** Opening TASK INPUT block **

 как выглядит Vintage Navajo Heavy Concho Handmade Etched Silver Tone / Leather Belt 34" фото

** Closing TASK INPUT block **
** Opening TASK INPUT block **

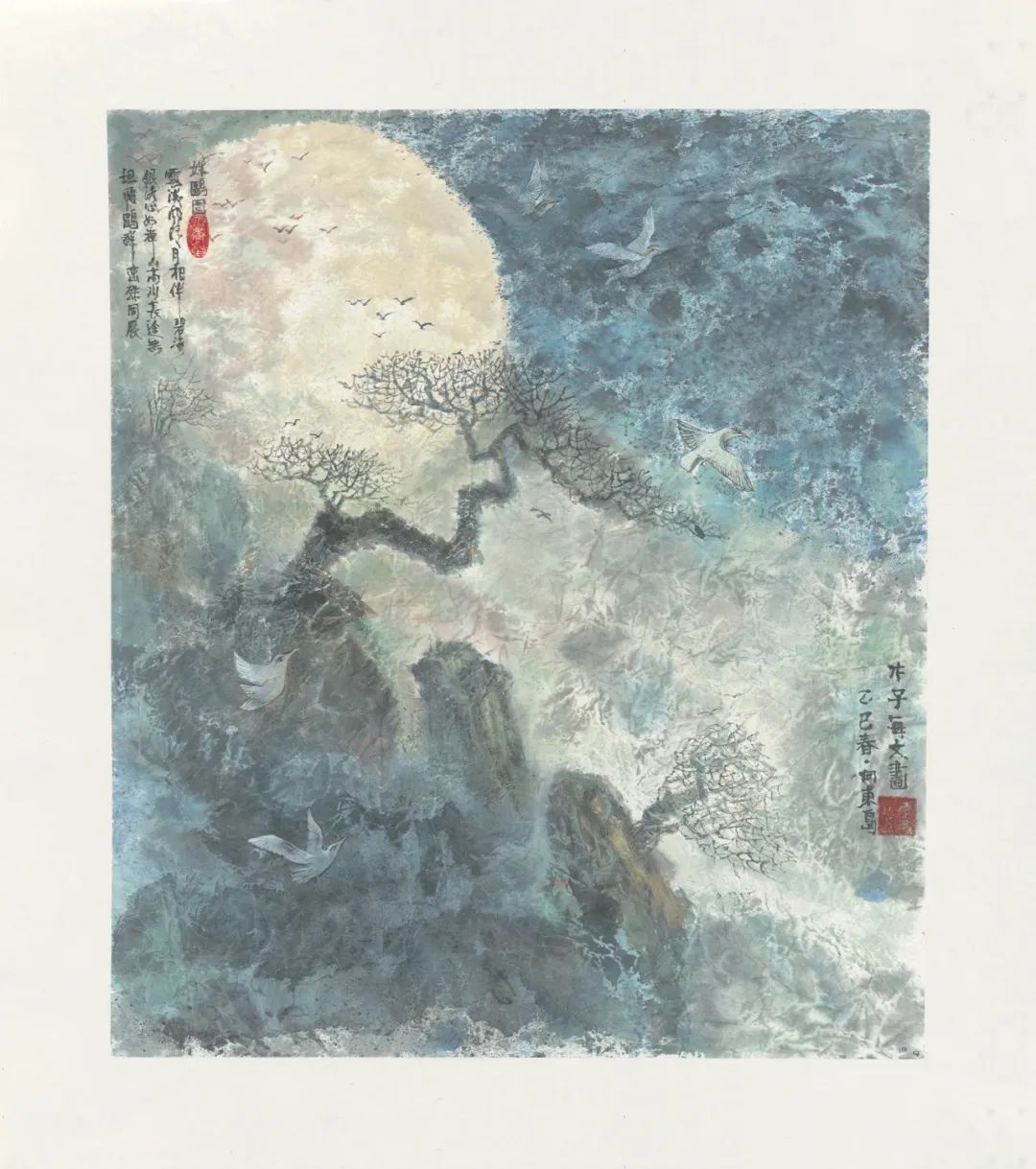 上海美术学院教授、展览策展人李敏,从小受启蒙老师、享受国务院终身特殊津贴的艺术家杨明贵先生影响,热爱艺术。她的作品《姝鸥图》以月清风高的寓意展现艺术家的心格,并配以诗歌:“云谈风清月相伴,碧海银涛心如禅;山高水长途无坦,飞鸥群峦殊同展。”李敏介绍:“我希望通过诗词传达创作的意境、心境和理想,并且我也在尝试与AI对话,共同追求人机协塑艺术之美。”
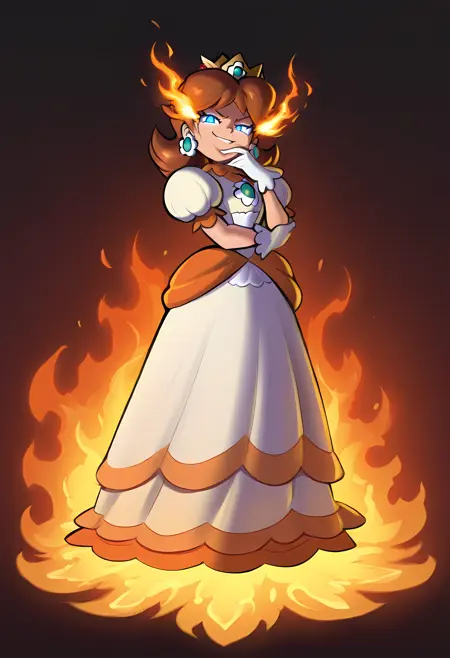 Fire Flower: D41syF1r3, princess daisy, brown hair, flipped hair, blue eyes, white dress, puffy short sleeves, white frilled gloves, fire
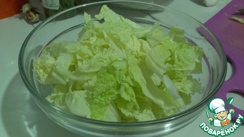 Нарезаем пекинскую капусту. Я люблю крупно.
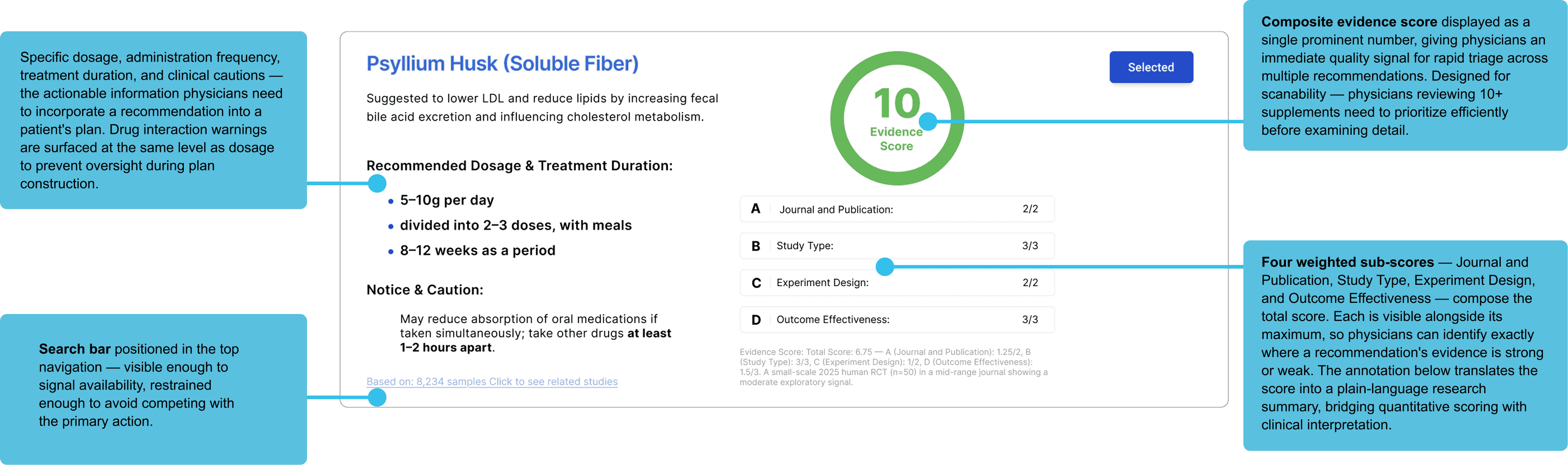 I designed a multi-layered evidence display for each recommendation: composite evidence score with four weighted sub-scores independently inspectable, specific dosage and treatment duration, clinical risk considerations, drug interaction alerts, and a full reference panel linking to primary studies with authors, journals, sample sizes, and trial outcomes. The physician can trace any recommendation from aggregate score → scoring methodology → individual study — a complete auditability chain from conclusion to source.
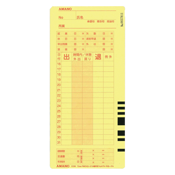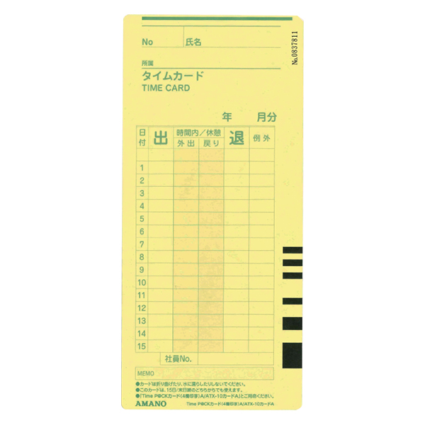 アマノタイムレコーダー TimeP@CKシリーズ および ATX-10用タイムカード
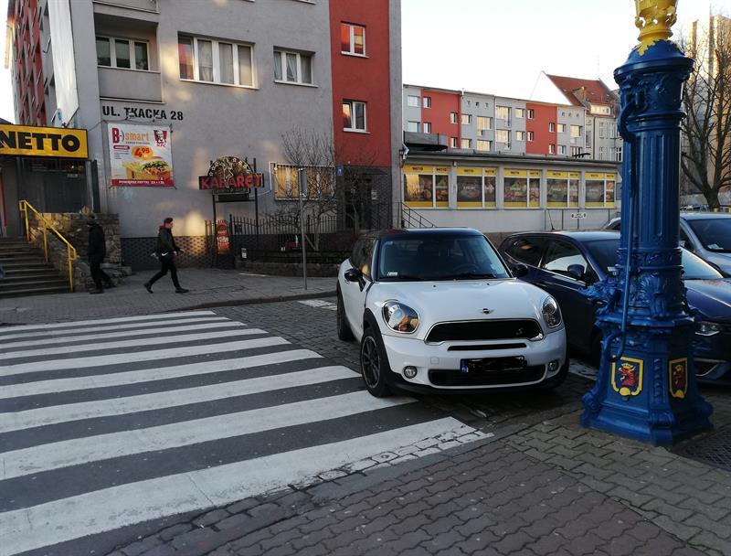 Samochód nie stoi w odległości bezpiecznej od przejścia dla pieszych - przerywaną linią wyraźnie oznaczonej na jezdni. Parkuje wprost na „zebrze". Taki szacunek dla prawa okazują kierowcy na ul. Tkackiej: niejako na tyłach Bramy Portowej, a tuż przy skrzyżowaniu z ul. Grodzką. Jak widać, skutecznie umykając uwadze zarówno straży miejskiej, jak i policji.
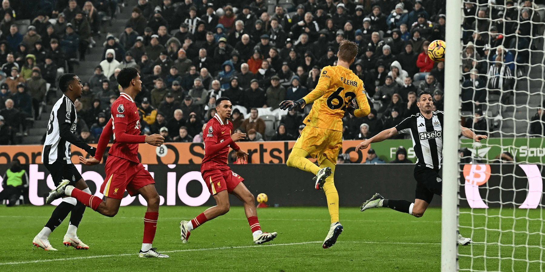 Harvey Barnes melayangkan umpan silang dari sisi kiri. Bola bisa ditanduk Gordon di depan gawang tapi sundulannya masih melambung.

** Closing TASK INPUT block **

REQUIREMENT - Extract the part of the records that opens with the line containing "I designed a" and closes with the line containing "アマノタイムレコーダー TimeP@CKシリーズ および ATX-10用タイムカード". Take only those lines, exactly, and no pictures.

SOLUTION TO THIS EXERCISE -
 I designed a multi-layered evidence display for each recommendation: composite evidence score with four weighted sub-scores independently inspectable, specific dosage and treatment duration, clinical risk considerations, drug interaction alerts, and a full reference panel linking to primary studies with authors, journals, sample sizes, and trial outcomes. The physician can trace any recommendation from aggregate score → scoring methodology → individual study — a complete auditability chain from conclusion to source.
 アマノタイムレコーダー TimeP@CKシリーズ および ATX-10用タイムカード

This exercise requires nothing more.